July 4, 2002
When She Smiles
More than 200 women Torah students miss their teacher, who has made aliyah.
Los Angeles has just bid farewell to one of its most acclaimed and popular Torah teachers.
Over the past 11 years, Shira Smiles' intellectually rich and multifaceted shiurim (classes) on the weekly parsha, Navi (prophets) or other books of chumash became magnets for Jewish women thirsty for learning. The appropriately named Smiles began as a teacher with Ashreinu Learning Network, but her remarkable passion and insights quickly increased demand for her classes. Eventually, more than 200 women learned with Smiles each week in venues throughout the city, including the Valley.
At a recent dessert reception honoring her on the eve of her family's aliyah (immigration to Israel), Smiles admitted that the decision to move to Israel had been "agonizing." Although she and her husband, Rabbi Feivel Smiles, had originally moved to Los Angeles without family or many friends, she said after so many years, "Our hearts were in both places. We felt a tug of war between love and desire for Eretz Yisrael and also for everything we were doing in this community." The Smiles also wanted to make the move while their two daughters (ages 4 years and 10 months) are still young enough to adapt easily.

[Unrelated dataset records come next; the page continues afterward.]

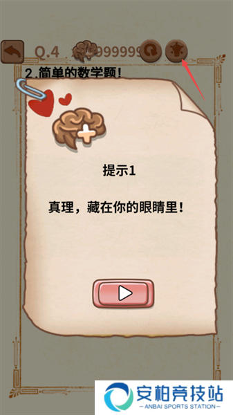 2、面对没有头绪的问题时,可以点击画面上的提示来获得帮助;
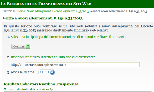 Esiste  un sito-web creato appositamente dal Ministero per la Pubblica Amministrazione e della Semplificazione  nel quale si evidenziano le pecche del sito dell’ente.  >>”La bussola della Trasparenza”<<
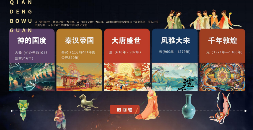 自貢燈貿(mào)集團承制的第29屆自貢國際恐龍燈會《千燈博物館》燈組以“錯位時空,快穿之旅”為主題,以“國寶文物”為內(nèi)核,以時間軸為線索展示“各美其美、美人之美、美美與共、天下大同”的多彩中華與多元文化。用故事化、場景式的方式讓游客體驗文物背后的文化,仿佛身臨文物當(dāng)年的時代。
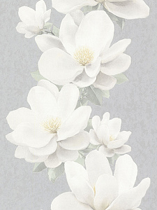 Визуальная доминанта – крупный флористический принт на фоне реалистичной имитации шероховатой штукатурки.

Although Smiles is Orthodox and only lectures to women, she has dazzled non-Orthodox audiences as well. Rabbi Toba August, associate rabbi and educational director at the Conservative Temple Adat Shalom in West Los Angeles, said that learning with Smiles over the past three years transformed her work.

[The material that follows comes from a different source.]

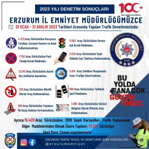 1 Ocak - 31 Aralik 2023 tarihleri arasinda yapilan bir yillik denetim ve çalismalarda; Erzurum’da 4 bin 133 araç sürücüsüne koruyucu tertibat, emniyet kemeri ve kask kullanmamaktan, 7 bin 792 araç sürücüsüne park yasagi kurali ihlalinden, 21 bin 41 araç sürücüsüne azami hiz limitlerini asmaktan, 519 araç sürücüsüne alkollü olarak araç kullanmaktan, 389 araç sürücüsüne yayalara ilk geçis hakkini vermemekten, 11 bin 562 araç sürücüsüne kirmizi isik kurali ihlalinden, 3 bin 25 araç sürücüsüne seyir halinde cep telefonu kullanmaktan, 6 bin 614 araç sahibine muayenesiz araci trafige çikartmaktan, 699 araç sürücüsüne tehlikeli serit ihlalinden ve bin 99 araç sürücüsüne sürücü belgesiz olarak motorlu araç kullanmaktan ceza yazildi.

"Shira introduced me to sources and texts that I had never heard of before, including some Chassidic texts and works of mussar [ethics]," August noted. "For every class she gave, she prepared handouts with four to five pages of sources. She always presented several levels of understanding for the material she was teaching."
As a result of what she learned, August changed the tone of her sermons from what she called "intellectual and pedantic" to that of "trying to help people open their hearts and look at their moral structure. I would take one nugget from her class, and then relate it to my congregants. And people kept coming back for more."

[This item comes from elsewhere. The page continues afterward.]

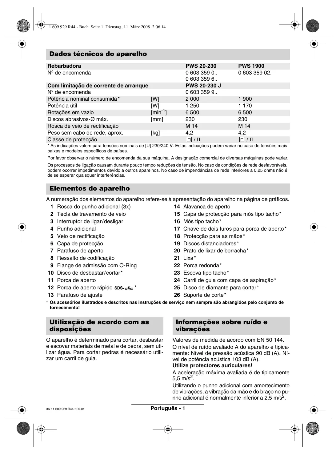 - Os acessórios ilustrados e descritos nas instruções de serviço nem sempre são abrangidos pelo conjunto de fornecimento! Utilização de acordo com as disposições Informações sobre ruído e vibrações O aparelho é determinado para cortar, desbastar e escovar materiais de metal e de pedra, sem utilizar água. Para cortar pedras é necessário utilizar um carril de guia. 36 • 1 609 929 R44 • 05.01 Valores de medida de acordo com EN 50 144. O nível de ruído avaliado A do aparelho é tipicamente: Nível de pressão acústica 90 dB (A). Nível de potência acústica 103 dB (A). Utilize protectores auriculares! A aceleração máxima avaliada é de tipicamente 5,5 m/s2. Utilizando o punho adicional com amortecimento de vibrações, a vibração da mão e do braço no punho adicional é normalmente inferior a 2,5 m/s2. Português - 1 1 609 929 R44 - Buch Seite 2 Dienstag, 11. März 2008 2:06 14 Para sua segurança Um trabalho seguro com o aparelho só é possível após ter lido completamente as instruções de serviço e as indicações de segurança e após observar rigorosamente as indicações nelas contidas. Adicionalmente deverá seguir as indicações gerais de segurança que se encontram no caderno em anexo. Uma instrução prática é vantajosa. ■ Usar óculos de protecção e protecção para os ouvidos. ■ Para a sua segurança, use também outros utensílios de segurança pessoal, como por exemplo luvas de protecção, sapatos firmes e robustos, capacete e avental. ■ Durante o trabalho são produzidos pós que podem ser nocivos à saúde, inflamáveis ou explosivos. São necessárias medidas de protecção adequadas. Por exemplo: Alguns pós são considerados cancerígenos. Utilize uma apropriada aspiração de pó/aparas e use uma máscara de protecção contra pó. ■ Pó de metal leve pode queimar ou explodir. Sempre manter o local de trabalho limpo, pois misturas de material são extremamente perigosas. ■ Caso o cabo de rede for danificado ou cortado durante o trabalho, não toque no cabo. Tire imediatamente a ficha da tomada. Jamais utilizar o aparelho com um cabo danificado. ■ Aparelhos utilizados ao ar livre devem ser conectados através de um interruptor de protecção contra corrente residual com uma corrente de activação de no máximo 30 mA. Não utilizar o aparelho na chuve ou em ambientes húmidos. ■ Ao trabalhar com o aparelho, segure-o sempre com ambas as mãos e mantenha uma posição firme. ■ Fixar a peça a ser trabalhada. Uma peça a ser trabalhada fixa através de dispositivos de fixação ou torno de bancada está mais fixo do que quando segurado com a mão. ■ Conduzir o cabo sempre por detrás da máquina. ■ Sempre desligar o aparelho antes de depositá-la e aguardar até que o aparelho páre completamente. 37 • 1 609 929 R44 • 05.01 ■ No caso de falha de corrente ou se fôr puxada a tomada de corrente, deverá destravar imediatamente o interruptor de ligar/desligar e colocar na posição desligada. Isto evita um novo arranque involuntário. ■ O aparelho só deve ser utilizado para cortes a seco/polimento a seco. ■ O punho adicional deve ser montado durante todos os trabalhos com o aparelho. ■ Apenas segurar a ferramenta eléctrica pelas superfícies de manuseio isoladas, caso a ferramenta de utilização possa entrar em contacto com uma tubulação escondida no muramento ou o próprio cabo eléctrico. O contacto com um cabo que conduz tensão eléctrica, colocará sob tensão as partes de metal expostas da ferramenta e pode levar a um choque eléctrico. ■ Utilize aparelhos detectores apropriados para detectar cabos de alimentação ou peça apoio da sua firma de abastecimento. O contacto com cabos eléctricos pode provocar incêndio e choque eléctrico. O dano de uma linha de gás pode levar a uma explosão. Uma perfuração de um tubo de água provoca um dano material ou pode provocar um choque eléctrico. ■ Para trabalhos com discos de lixar ou de corte é necessário que a capa de protecção 6 esteja montada. Para trabalhos com o prato de lixar de borracha 20 ou com a escova em forma de tacho 23/escova em forma de disco/disco abrasivo em forma de leque, é necessário montar a protecção para as mãos 18 (acessório). ■ Use uma aspiração a vácuo para pó de pedras ao trabalhar com as tais. O aspirador de pó deve ser aprovado para aspirar pó de pedras. Usar um carril de guia para cortar pedras. ■ Materiais que contém amianto não devem ser trabalhados. ■ Apenas utilize ferramentas abrasivas, com um número de rotações admissível que seja no mínimo tão alto como o número de rotações em vazio do aparelho. ■ Controlar as ferramentas abrasivas antes da utilização. A ferramenta abrasiva deve estar perfeitamente montada e deve poder girar livremente. Realizar um funcionamento de ensaio sem carga, durante no mínimo 30 segundos. Ferramentas abrasivas danificadas, descentradas ou vibrantes não devem ser utilizadas. Português - 2 1 609 929 R44 - Buch Seite 3 Dienstag, 11. März 2008 2:06 14 ■ Proteger as ferramentas abrasivas contra golpes, trepidações e gordura. ■ Só contactar a peça a ser trabalhada quando o aparelho já estiver ligado. ■ Não toque nas ferramentas abrasivas em rotação. ■ Observar o sentido de rotação. Sempre segurar o aparelho de forma que faíscas ou pó de lixar voem para longe do corpo. ■ Ao lixar metais voam faíscas. Observe que nenhuma pessoa corra perigo. Devido ao perigo de incêndio, não devem encontra-se materiais inflamáveis nas proximidades (área de vôo de faíscas). ■ Cuidado ao abrir cavidades p. ex. em paredes portantes: Veja as indicações sobre a estática. ■ O aparelho reage com movimentos bruscos, quando o disco de corte é bloqueado. Neste caso o aparelho deve ser desligado imediatamente. ■ Observar as dimensões dos discos abrasivos. O diâmetro do furo deve ajustar-se sem folga à flange de admissão 9. Não utilizar

Eileen Wohlgelernter began hosting two of Smile's weekly shiurim in her Beverlywood home more than eight years ago. Despite her yeshiva education, studying with Smiles honed Wohlgelernter's skills in studying Torah texts. "We would cover so many sources, from Rashi all the way through more modern sources such as Rav Hirsch. It was like a roller coaster ride of learning. She would show us one interpretation, and then turn it on its ear with another commentary."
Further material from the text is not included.